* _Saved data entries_
== Segment start ==

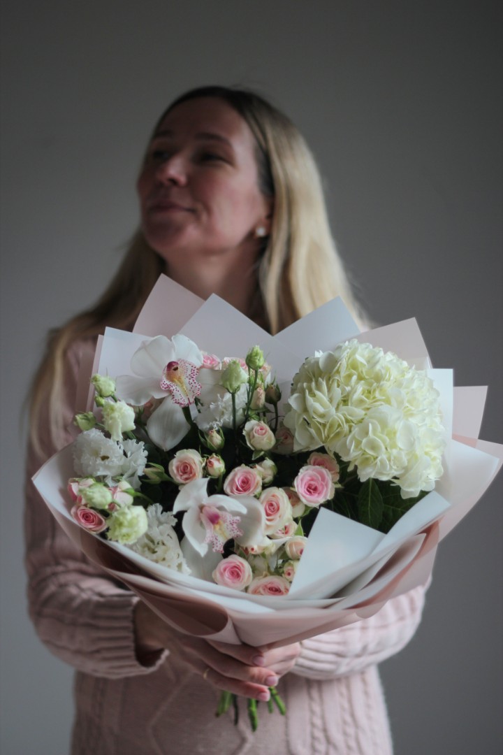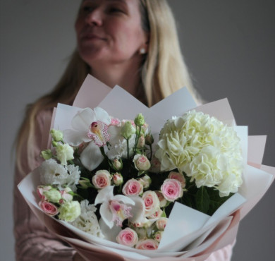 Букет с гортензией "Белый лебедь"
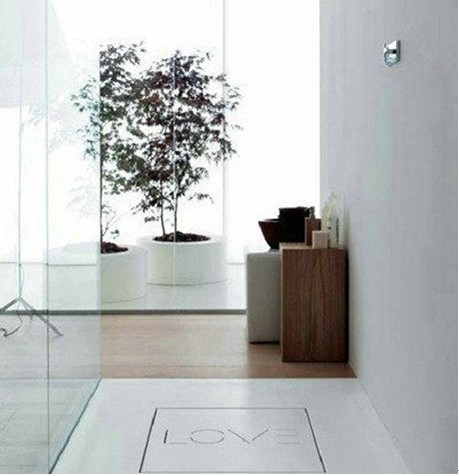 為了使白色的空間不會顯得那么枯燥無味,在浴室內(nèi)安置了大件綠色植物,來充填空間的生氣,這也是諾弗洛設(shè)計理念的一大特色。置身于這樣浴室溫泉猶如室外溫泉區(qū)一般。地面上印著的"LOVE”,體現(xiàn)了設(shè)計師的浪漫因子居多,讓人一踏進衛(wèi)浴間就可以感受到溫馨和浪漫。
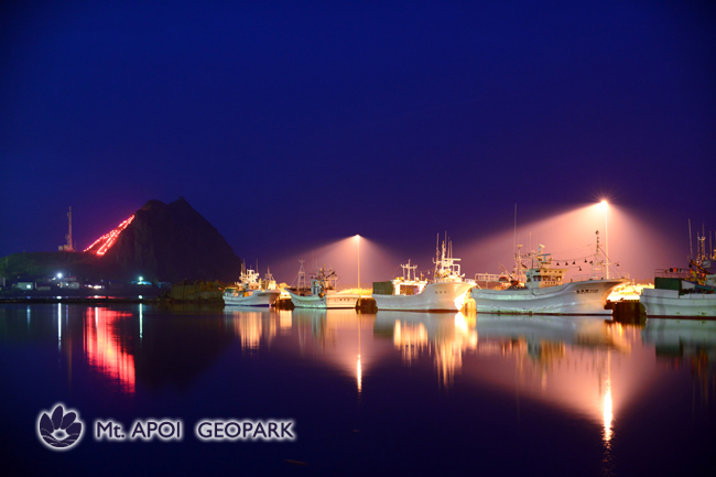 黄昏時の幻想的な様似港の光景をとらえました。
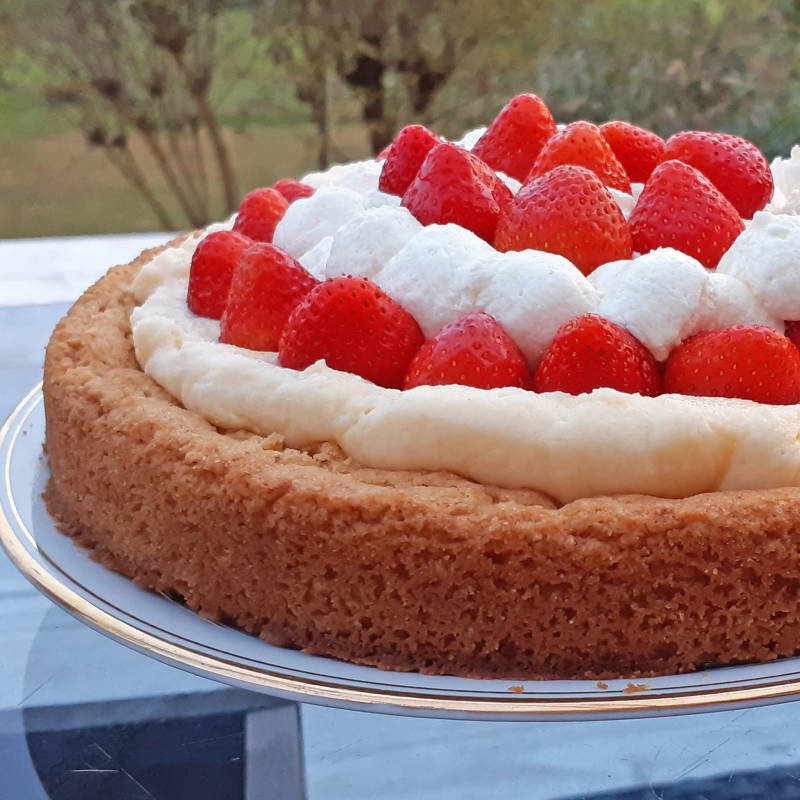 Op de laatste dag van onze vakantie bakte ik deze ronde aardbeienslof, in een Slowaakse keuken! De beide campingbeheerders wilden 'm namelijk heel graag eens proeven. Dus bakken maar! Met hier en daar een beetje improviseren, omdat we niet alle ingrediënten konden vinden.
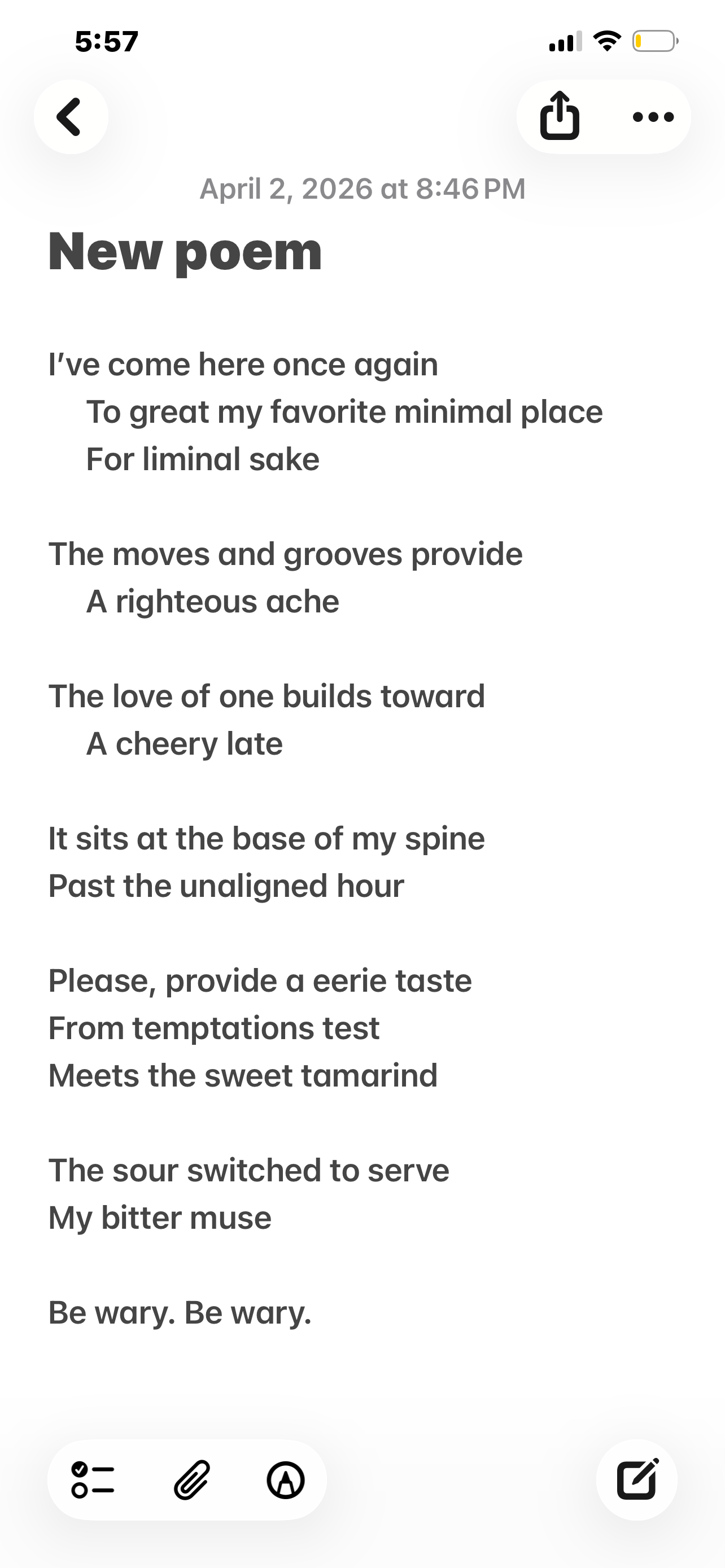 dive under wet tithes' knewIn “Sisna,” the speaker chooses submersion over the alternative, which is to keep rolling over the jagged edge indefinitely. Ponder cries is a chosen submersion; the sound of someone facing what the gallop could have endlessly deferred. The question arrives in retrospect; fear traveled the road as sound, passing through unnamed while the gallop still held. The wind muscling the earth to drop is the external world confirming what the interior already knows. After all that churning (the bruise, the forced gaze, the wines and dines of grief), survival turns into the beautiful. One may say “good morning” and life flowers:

== Segment end ==

* _To do_
What is needed is a word-for-word copy of the data above, free of any images.

* _Response area_
 Букет с гортензией "Белый лебедь"
 為了使白色的空間不會顯得那么枯燥無味,在浴室內(nèi)安置了大件綠色植物,來充填空間的生氣,這也是諾弗洛設(shè)計理念的一大特色。置身于這樣浴室溫泉猶如室外溫泉區(qū)一般。地面上印著的"LOVE”,體現(xiàn)了設(shè)計師的浪漫因子居多,讓人一踏進衛(wèi)浴間就可以感受到溫馨和浪漫。
 黄昏時の幻想的な様似港の光景をとらえました。
 Op de laatste dag van onze vakantie bakte ik deze ronde aardbeienslof, in een Slowaakse keuken! De beide campingbeheerders wilden 'm namelijk heel graag eens proeven. Dus bakken maar! Met hier en daar een beetje improviseren, omdat we niet alle ingrediënten konden vinden.
 dive under wet tithes' knewIn “Sisna,” the speaker chooses submersion over the alternative, which is to keep rolling over the jagged edge indefinitely. Ponder cries is a chosen submersion; the sound of someone facing what the gallop could have endlessly deferred. The question arrives in retrospect; fear traveled the road as sound, passing through unnamed while the gallop still held. The wind muscling the earth to drop is the external world confirming what the interior already knows. After all that churning (the bruise, the forced gaze, the wines and dines of grief), survival turns into the beautiful. One may say “good morning” and life flowers:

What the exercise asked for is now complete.